FIFA faced growing pressure to publish the full report of an investigation into the bidding process for the 2018 and 2022 World Cup tournaments on Friday amid uncertainty over where the tortuous process would head next.
FIFA was plunged into chaos on Thursday when its ethics judge Hans-Joachim Eckert said in a statement there were no grounds to reopen the controversial bidding process which led toRussia being given the 2018 World Cup and Qatar the 2022 finals.
But three hours later former U.S. prosecutor Michael Garcia, who led the investigation over an 18-month period, said Eckert's 42-page statement had misrepresented his 430-page report and that he would take the case to the FIFA appeal committee.
FIFA confirmed on Friday it had received Garcia's appeal and said it could not comment further. The FIFA disciplinary code states that if a case is rejected by the appeal committee, it can then be taken to the Court of Arbitration for Sport (CAS).
FIFA and Qatar World Cup organisers have been fending off allegations of corruption ever since the Gulf state was awarded the 2022 tournament.
Qatar, which has repeatedly denied the allegations, has also been criticised over its treatment of migrant workers in the construction industry.
Eckert told in Munich that he was surprised by Garcia's reaction.
"Usually you would first speak to each other internally if you don't like something," he said, adding that he had not been able to get in touch with Garcia.
"It could be a misunderstanding after all," he suggested.
FIFA presidential candidate Jerome Champagne led the calls for Garcia's report to be published in full.

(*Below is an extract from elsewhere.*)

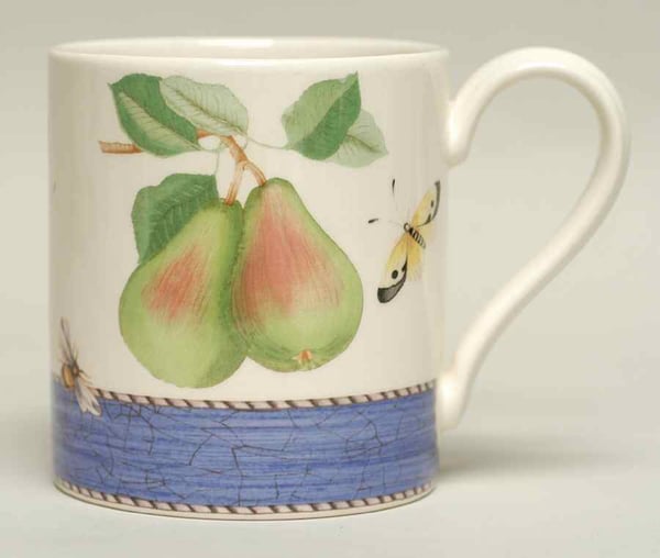 pears, the same fruit that adorns the large blue mug—perfect for soup, latte or hot chocolate.

"The events that unfolded yesterday between 10am and 1pm were absolutely incredible," he told Reuters. "I was in FIFA for 11 years and have never seen anything like that. It was, as they say in Hollywood, larger than life.
"The report should be published, with the necessary redactions. I can only regret that these two objectives have not been met, that these two goals have not been scored."

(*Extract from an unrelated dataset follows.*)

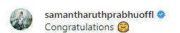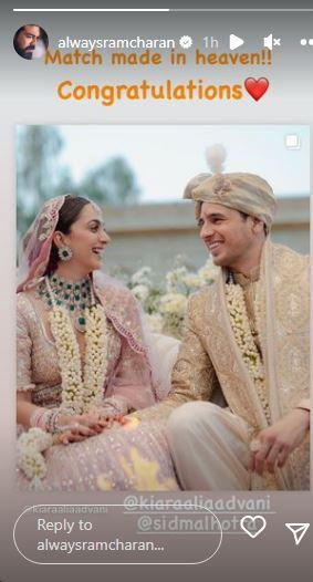 The main reason why Samantha's wishes got particular attention is she always keeps tight lipped and she maximum posts an instagram story and avoids posting in person in the comments section and this is the first time she has wished the newly married couple on their timeline feed. kiara who is romancing Mega power star also called the jodi as a Match made in heaven and shared an instagram story with their photo.

Sylvia Schenk, for anti-corruption watchdog Transparency International, agreed.
"FIFA needs to understand that a simple summary of an investigation will not draw a line under the allegations surrounding the awarding of the World Cups. Transparency International calls for the full report to be published immediately," she said.
Mark Pieth, a former head of FIFA's independent governance committee who recommended a number of reforms for soccer's world governing body, said there were cultural differences between the two judges.
"You have to see that Eckert thinks like a German criminal court judge and Garcia, however, is dominated by American ways of doing things," he told the Neuer Zuercher Zeitung.
"Eckert needs, for example, 80 percent certainty to determine a fact. For Garcia 50 percent is sufficient.
"For it to be credible, one would have to know the arguments of both sides so that a judgment can be possible. We now know only one side. I repeat: Garcia's report should be published."
Pieth added that FIFA had jumped the gun on Thursday when, almost immediately after publishing Eckert's statement, it announced that "a degree of closure has been reached", only for Garcia to hit out a few hours later.
"That's the most stupid thing you can say at that moment," said Pieth. "If the investigator is dissatisfied with the report, you have to wait and analyse, certainly not celebrate triumph."